Can I calculate the cardinality of the _id field?

(Dave) #1

I have multiple Elasticsearch 1.3.2 indices, and I'm using custom
document IDs. I want to find the number of distinct IDs across my
indices. Some documents have the same ID but are in different indices,
so this is different from just counting documents. So I wanted to do a
cardinality aggregation on the _id field. So I posted this to http://localhost:9200/my_indices/_search:

{ "from": 0, "size": 0, "aggregations": { "_count": { "cardinality": { "script": "doc['_id'].value", "lang": "groovy" } } } }

But Elasticsearch just sent back this:

{ "took": 60, "timed_out": false, "_shards": { "total": 175, "successful": 175, "failed": 0 }, "hits": { "total": 310714, "max_score": 0, "hits": [] }, "aggregations": { "_count": { "value": 0 } }

I'm pretty sure there's more than 0 IDs in there!

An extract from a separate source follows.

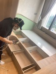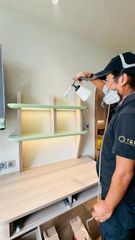 Lần này, vì nhận được yêu cầu tạo ra môi trường kháng khuẩn, nên chúng tôi đã tiến hành thi công phun phủ lớp khoáng khuẩn ở các vị trí thường xuyên có người chạm vào như tay nắm cửa, mặt bàn làm việc, ... Đồng thời, chúng tôi cũng đã thực hiện đo lường chỉ số liên quan đến mức độ sạch sẽ.

What happened, and is it possible to get what I want?

(Adrien Grand) #2

The issue here is that the _id field is neither indexed nor has doc values so aggregations can't load fielddata. You can try the _uid field instead (which is a combination of the _type and the _id) which is indexed. Note however that this will require a lot of memory because of fielddata.

(Camilo Sierra) #3

i think that is really important to say that this result is approximate, in a small index i had good results after one/two million of docs the result is not accurate almost every time (after as the doc says the error remains under 5%)

(system) #4